1. Introduction
SUNDOWNING SYNDROME (or twilight syndrome) and dementia are conditions that frequently affect older adults, presenting significant challenges to diagnosis and treatment. A comprehensive geriatric perspective based on the current under- standing of these conditions is offered below:
1.1. Symptoms
Sundowning syndrome is characterized by increased confusion, agitation, anxiety or disruptive behaviors in people with dementia, typically in the late afternoon or overnight. Symptoms include:
• Agitation or restlessness: Pacing, yelling or irritability.
• Increased confusion: Difficulty recognizing familiar people or places.

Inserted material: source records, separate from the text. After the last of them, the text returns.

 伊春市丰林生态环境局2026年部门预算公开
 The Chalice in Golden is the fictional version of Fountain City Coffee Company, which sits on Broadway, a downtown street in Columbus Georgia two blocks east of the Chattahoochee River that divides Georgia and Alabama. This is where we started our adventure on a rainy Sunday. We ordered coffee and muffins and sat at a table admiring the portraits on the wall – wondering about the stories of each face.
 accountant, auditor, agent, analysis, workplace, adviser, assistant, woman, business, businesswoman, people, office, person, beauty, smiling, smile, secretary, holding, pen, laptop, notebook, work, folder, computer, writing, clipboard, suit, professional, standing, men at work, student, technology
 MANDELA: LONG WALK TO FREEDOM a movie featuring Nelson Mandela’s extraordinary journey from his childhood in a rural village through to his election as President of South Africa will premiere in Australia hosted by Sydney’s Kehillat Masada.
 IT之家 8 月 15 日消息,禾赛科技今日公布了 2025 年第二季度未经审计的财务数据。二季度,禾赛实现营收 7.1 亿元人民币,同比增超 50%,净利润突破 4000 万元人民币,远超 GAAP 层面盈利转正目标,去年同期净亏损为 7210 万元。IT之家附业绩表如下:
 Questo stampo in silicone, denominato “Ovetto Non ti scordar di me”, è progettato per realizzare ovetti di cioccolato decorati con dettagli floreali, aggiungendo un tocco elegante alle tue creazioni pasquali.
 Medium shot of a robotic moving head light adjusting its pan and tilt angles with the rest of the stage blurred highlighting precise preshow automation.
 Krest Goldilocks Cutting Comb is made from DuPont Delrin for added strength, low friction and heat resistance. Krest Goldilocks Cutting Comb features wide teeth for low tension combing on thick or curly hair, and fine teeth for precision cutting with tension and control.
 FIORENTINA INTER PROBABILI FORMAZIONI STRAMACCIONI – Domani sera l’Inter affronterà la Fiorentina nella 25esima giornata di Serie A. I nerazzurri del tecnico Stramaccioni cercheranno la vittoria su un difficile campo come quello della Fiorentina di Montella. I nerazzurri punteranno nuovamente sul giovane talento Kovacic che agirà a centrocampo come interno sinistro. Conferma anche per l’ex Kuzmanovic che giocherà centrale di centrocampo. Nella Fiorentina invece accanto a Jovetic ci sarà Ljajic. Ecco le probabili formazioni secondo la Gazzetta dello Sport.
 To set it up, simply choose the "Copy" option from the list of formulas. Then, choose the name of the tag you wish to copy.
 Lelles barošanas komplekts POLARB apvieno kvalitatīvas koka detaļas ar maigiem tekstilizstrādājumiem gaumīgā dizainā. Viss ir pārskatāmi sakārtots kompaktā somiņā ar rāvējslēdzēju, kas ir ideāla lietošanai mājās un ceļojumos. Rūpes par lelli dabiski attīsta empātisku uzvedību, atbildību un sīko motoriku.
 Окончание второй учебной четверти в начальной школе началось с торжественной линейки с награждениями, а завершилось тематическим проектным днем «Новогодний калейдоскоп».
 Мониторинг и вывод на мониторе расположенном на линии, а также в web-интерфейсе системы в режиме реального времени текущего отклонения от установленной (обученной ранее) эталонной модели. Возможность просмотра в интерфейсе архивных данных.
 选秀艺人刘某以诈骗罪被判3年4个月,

• Sleep disturbances: Insomnia or reversal of the sleep-wake cycle.
• Delusions or hallucinations: In some cases, misperceptions of reality.
1.2. Diagnostic methods
The diagnosis is mainly clinical, as there is no specific test for
sundowning. Key steps include:
• Detailed medical history: Collect information from caregivers about the timing and nature of behaviors.
• Cognitive and functional assessment: Use tools such as the Mini-Mental State Examination (MMSE) or the Montreal Cognitive Assessment (MoCA) to assess underlying dementia.
• Rule out other causes: Evaluate possible triggers such as:
• Infections (e.g., UTI).
• Untreated pain.
• Medication side effects.
• Metabolic disturbances (e.g., hypoglycemia, dehydration).
• Temporal pattern observation: Confirm whether symptoms intensify in the evening or overnight.
1.3.Treatment options
The management of sundowning combines non-pharmacological strategies and, in some cases, pharmacological interventions:
• Non-pharmacological (first line):
○ Structured routines: Maintain regular schedules for meals, activities and sleep.
○ Optimizing the environment: Reducing noise, providing adequate lighting during the day and decreasing excessive stimulation at night.
○ Calming activities: Soft music, aromatherapy or simple activities like folding laundry.
○ Daylight exposure: Encourage morning walks or the use of phototherapy boxes to regulate the circadian rhythm.
○ Avoid triggers: Limit caffeine, long naps and stressful events at the end of the day.
• Pharmacological (only if necessary):
○ Use with caution because of the risks in older adults.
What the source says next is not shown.